Strip away the noise. Here is the data-backed skeleton of how to approach SOAP as a numbers problem.

  1. Define your realistic program set by type.
    Based on your profile, create categories:

    • High-probability targets (e.g., IMG-heavy FM, rural FM, some community IM)
    • Medium-probability targets (community IM, peds, psych)
    • Low-probability “lottery” targets (TY, prelim surgery at big names, competitive specialties)
  2. Estimate per-application p by category.
    Use rough priors:

    • High-probability: 4–8%
    • Medium: 2–4%
    • Low: 0.5–2%
  3. Constrain by total application budget (45 max).
    Your goal is to maximize:
    1 − Π(1 − pᵢ) across all submitted apps.

    That means you should:

    • Maximize the number of applications in your highest p bracket.
    • Use medium p if you run out of high-p options.
    • Reserve only a small number of slots for lotto tickets.
  4. Check emotional bias against the math.
    If you find yourself allocating >30% of applications to <2% p targets, you are making an emotional decision, not a rational one.

  5. Lock in geography as a late constraint, not an initial filter.
    For SOAP, geography is often the difference between 60% odds of something and 20% odds of nothing. The data is brutal on people who refuse to leave one region.
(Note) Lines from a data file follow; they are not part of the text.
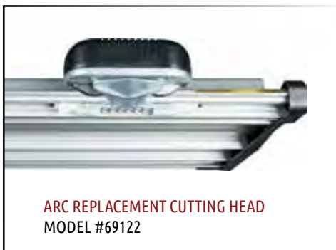
ARC REPLACEMENT CUTTING HEAD MODEL #69122

TABLE-EDGE ROTARY TRIMMER (TE) When space is at a premium, the Keencut Table-Edge Rotary Trimmer is the perfect solution for cutting large-format materials, turning an existing table into a complete print finishing station. The mounting plate, with predrilled, countersunk holes, butts flush to the edge of a table. The Table-Edge Rotary Trimmer cuts in both directions using the same patented technology as the ARC, with the added advantage of increasing the working area, enabling easy alignment and effortless one-handed trimming.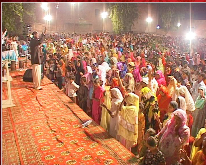
Many muslims received the LORD

nations inclusive, for the glorious coming of the Messiah. The central theme that this clock ministers unto the nations of the earth, is a dogma that underscores the need for the christian believers to begin the process of smearing the door frames of their Christians hearts with the perfect BLOOD of Jesus. In that way, this clock has become a heavenly host that points the nations to the Cross of Jesus, and a PREPARER of what is about to befall the earth. In so doing, this clock of GOD is vigorously drawing the attention of men to that genuine old biblical Calvary REPENTANCE of the BLOOD, and solemnly testifying concerning Jesus of Nazareth. It is a timely host that is boldly witnessing upon the coming of the glorious Kingdom of the Messiah, and the requirements on its citizenry . By warning the nations to prepare , this humongous golden clock in the sky, has become a faithful witness that is testifying a sombre caution on the coming judgment that will consume those who fail to heed its warning , and fall short of the benchmark for the midnight hour . This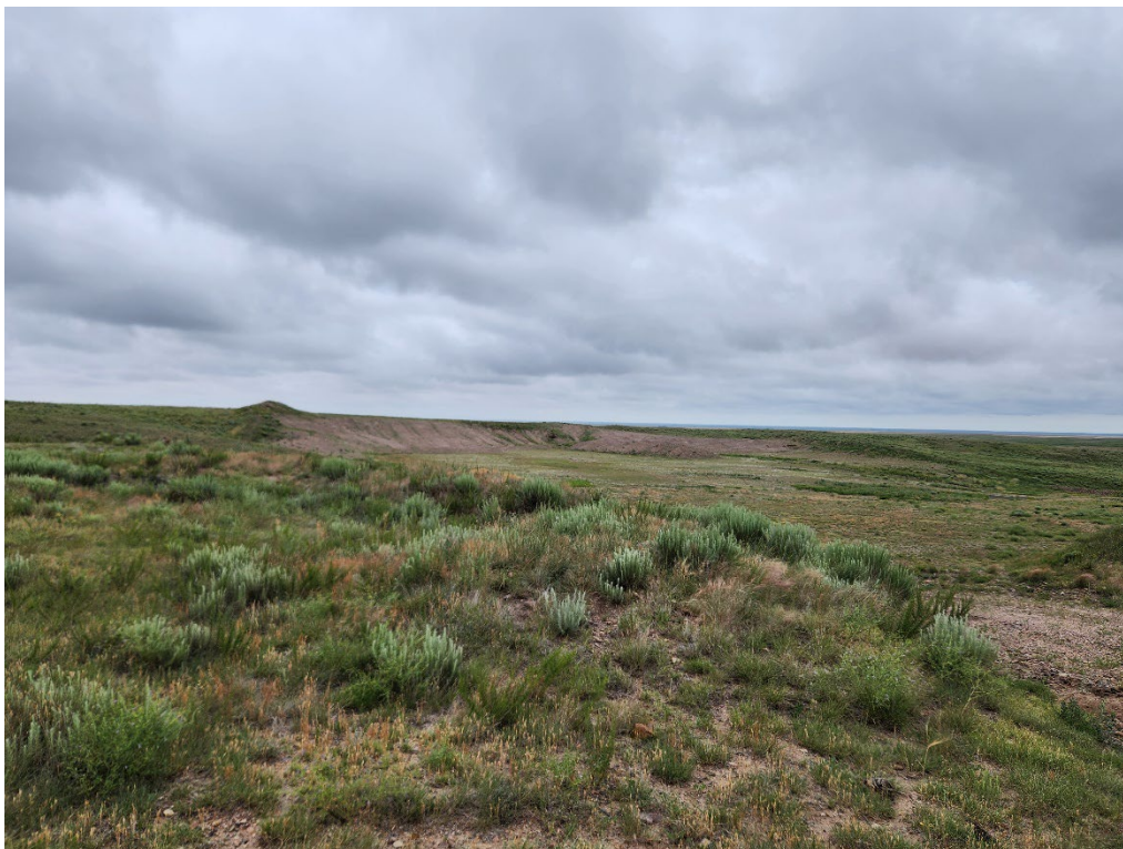
Photo 2. The northeast corner of the permit area looking in, looking southwest.

8. Visualizing a Rational Allocation

Let me show you a very simple comparison of two SOAP strategies for a hypothetical U.S. DO with okay scores, open to primary care.

Strategy A (emotional):

  • 10 urban IM in coastal cities
  • 10 psych in popular locations
  • 10 TY/prelim at name-brand hospitals
  • 10 FM in urban or suburban areas only

Strategy B (quantitative):

  • 20 FM including rural/underserved
  • 15 community IM including non-coastal, DO-friendly
  • 5 psych where CV fits
  • 5 prelim IM/TY where there are real ties

Assign rough p-values:

  • Urban IM/psych/TY: 1–2%
  • Urban FM: 3–4%
  • Rural FM: 5–7%
  • Community IM (non-coastal, DO-friendly): 3–5%

bar chart: Strategy A - Emotional, Strategy B - Quantitative

Estimated Probability of ≥1 SOAP Offer by Strategy
CategoryValue
Strategy A - Emotional28
Strategy B - Quantitative72

The numbers tell the story:

  • Strategy A yields maybe ~25–30% chance of one offer.
  • Strategy B can push into the 60–70%+ territory.

Same applicant. Same total number of applications. Different allocation. Different future.


With these numbers internalized, you are not just “hoping SOAP works out.” You are actively engineering the best odds the system will give you. The next step is executing under time pressure—building a spreadsheet, ranking programs ruthlessly, and coordinating with your dean’s office in real time. But that is another layer of strategy, and another conversation.